2  Pre-Registration & Power Analysis

Forensic question: Are our hypotheses, methods, and thresholds defined before we look at the data?

Input artifacts: - config.toml — pipeline configuration and author roster - docs/pre_registration.md — frozen snapshot output from this notebook

Output artifacts: - docs/pre_registration.md — timestamped pre-registration snapshot

Run metadata: (auto-populated by first code cell) - Config hash: {config_hash} - Corpus hash: {corpus_hash} - Timestamp: {run_timestamp} - Software versions: {python_version}, {key_package_versions}

2.0.1 Hypotheses (directional)

Family Expected under AI-like shift
Lexical richness Lower TTR, lower hapax ratio
Marker phrases Higher AI marker frequency
Embeddings Move toward AI baseline centroid
Probability (language-model) Lower perplexity, lower burstiness

2.0.2 Change-point window

Primary window: post 2022-11-30 (ChatGPT release) with a 6-month ramp allowance for ecosystem adoption.
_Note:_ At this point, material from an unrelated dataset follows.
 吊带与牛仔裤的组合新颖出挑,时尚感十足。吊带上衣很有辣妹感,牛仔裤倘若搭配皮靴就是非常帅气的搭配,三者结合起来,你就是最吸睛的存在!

2.0.3 Primary vs exploratory

Confirmatory: lexical, marker, embedding-centroid hypotheses above feed FindingStrength. Exploratory: any post-hoc feature flagged after initial review (documented separately in notebook 07).
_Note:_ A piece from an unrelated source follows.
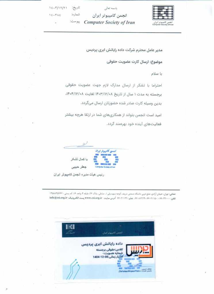 شرکت پردیس دارای عضویت در انجمن کامپیوتر ایران (CSI) میباشد.

2.0.4 Statistical thresholds

  • α = 0.05 after Benjamini–Hochberg
  • Cohen’s d ≥ 0.5 for emphasis
  • STRONG convergence narrative: ≥3 features within 90 days

Summary finding: Pre-registration, thresholds, and confirmatory families are documented before outcome review, with a frozen snapshot written to docs/pre_registration.md.